** SOURCE RECORDS follows **
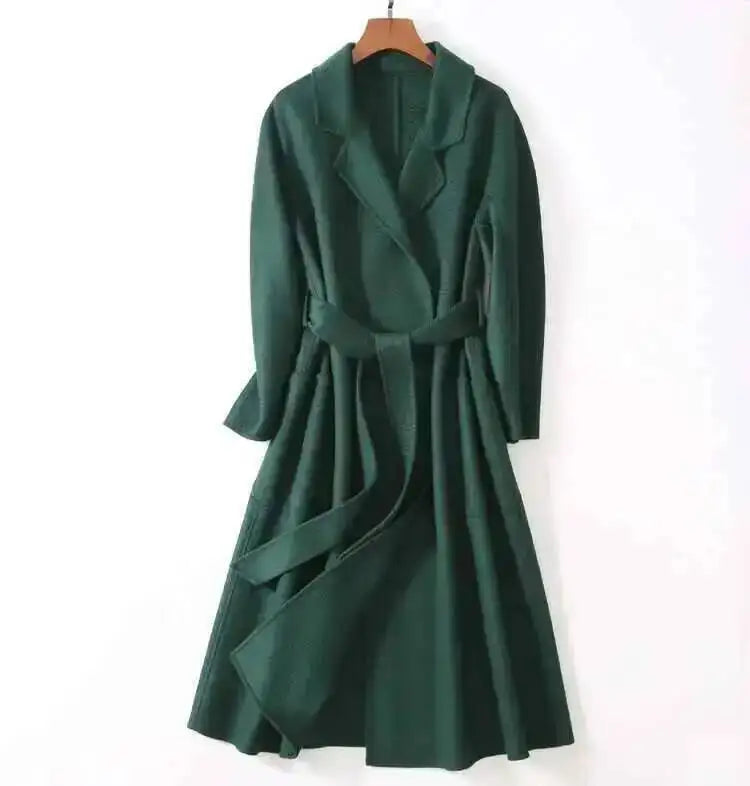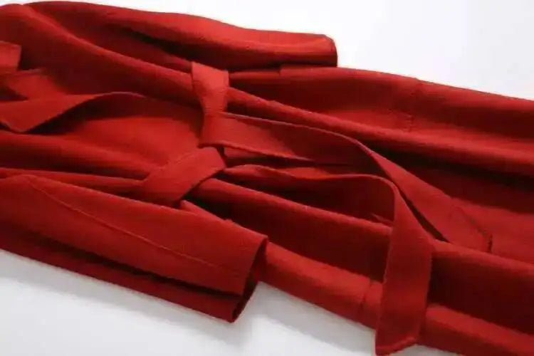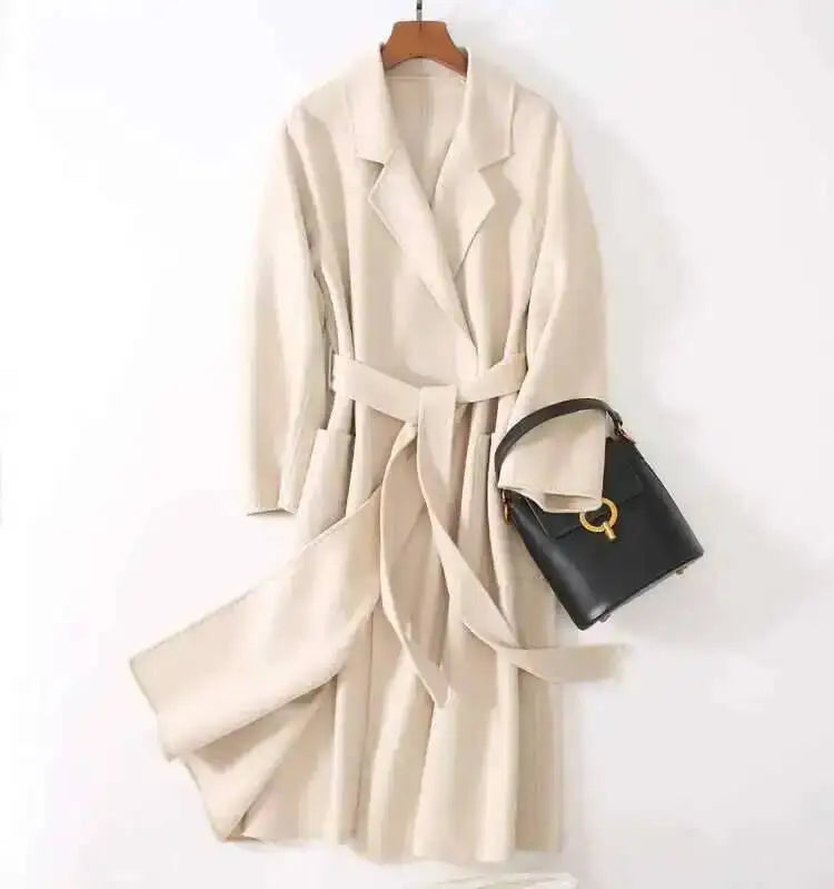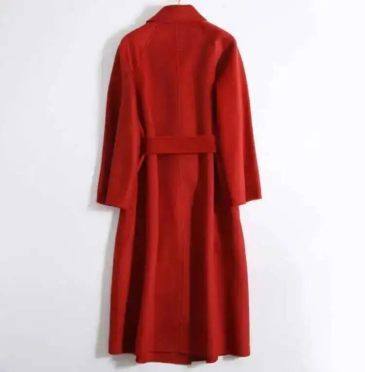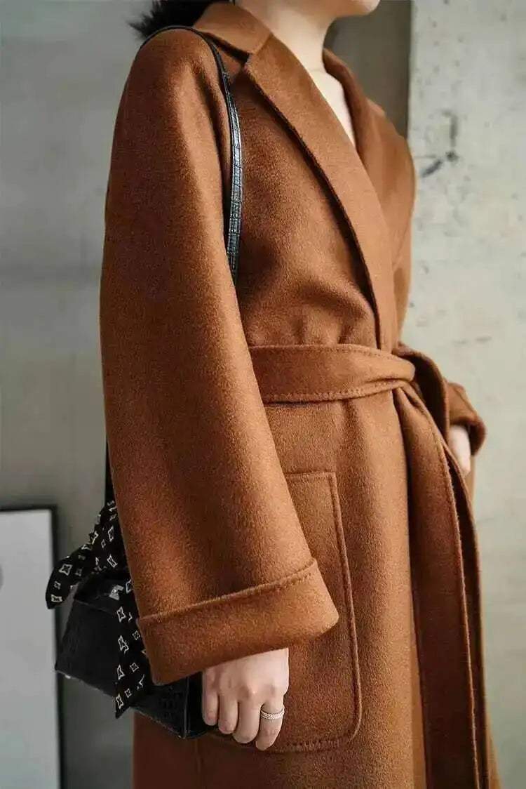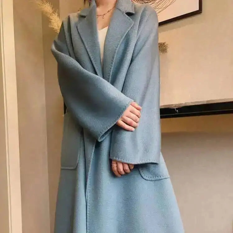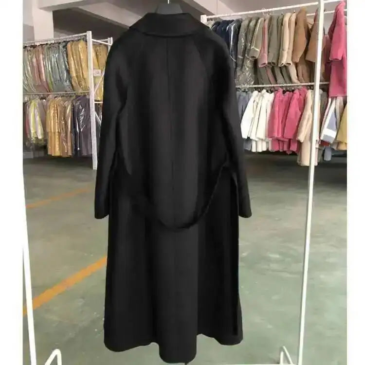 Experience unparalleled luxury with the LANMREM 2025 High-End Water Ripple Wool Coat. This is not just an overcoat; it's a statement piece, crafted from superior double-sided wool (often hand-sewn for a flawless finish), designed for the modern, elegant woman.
** End of SOURCE RECORDS **
** SOURCE RECORDS follows **
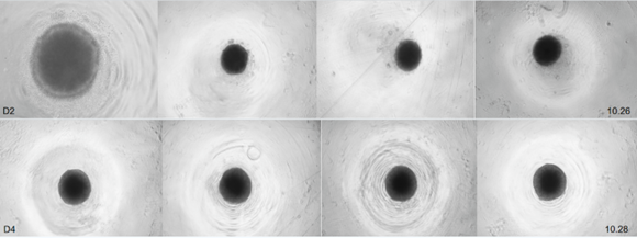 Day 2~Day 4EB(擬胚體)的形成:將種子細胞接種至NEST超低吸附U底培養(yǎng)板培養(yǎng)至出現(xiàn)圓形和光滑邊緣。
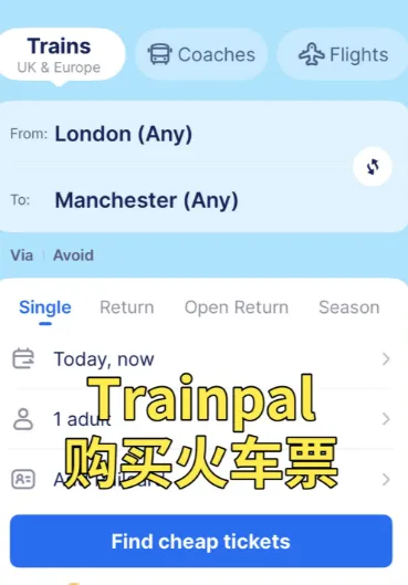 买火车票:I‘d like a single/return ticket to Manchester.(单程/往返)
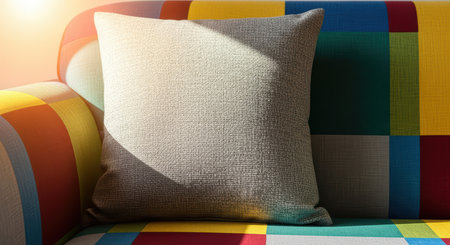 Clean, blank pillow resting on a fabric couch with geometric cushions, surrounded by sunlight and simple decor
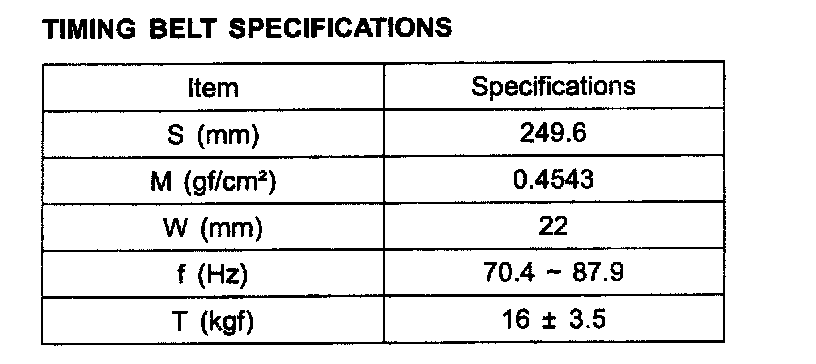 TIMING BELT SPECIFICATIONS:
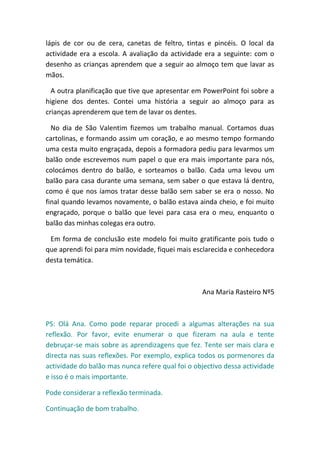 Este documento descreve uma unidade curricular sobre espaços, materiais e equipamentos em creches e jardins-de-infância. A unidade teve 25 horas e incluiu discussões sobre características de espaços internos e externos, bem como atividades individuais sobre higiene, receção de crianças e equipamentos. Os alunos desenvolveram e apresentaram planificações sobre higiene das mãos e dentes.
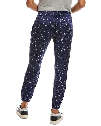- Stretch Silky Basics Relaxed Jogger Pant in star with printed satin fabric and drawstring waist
** End of SOURCE RECORDS **
→ **YOUR TASK**
Output only the lines above from the one containing "买火车票:I‘d like a" to the one containing "- Stretch Silky", both included, exactly as written and with no pictures.

→ **YOUR SOLUTION**
 买火车票:I‘d like a single/return ticket to Manchester.(单程/往返)
 Clean, blank pillow resting on a fabric couch with geometric cushions, surrounded by sunlight and simple decor
 TIMING BELT SPECIFICATIONS:
 Este documento descreve uma unidade curricular sobre espaços, materiais e equipamentos em creches e jardins-de-infância. A unidade teve 25 horas e incluiu discussões sobre características de espaços internos e externos, bem como atividades individuais sobre higiene, receção de crianças e equipamentos. Os alunos desenvolveram e apresentaram planificações sobre higiene das mãos e dentes.
- Stretch Silky Basics Relaxed Jogger Pant in star with printed satin fabric and drawstring waist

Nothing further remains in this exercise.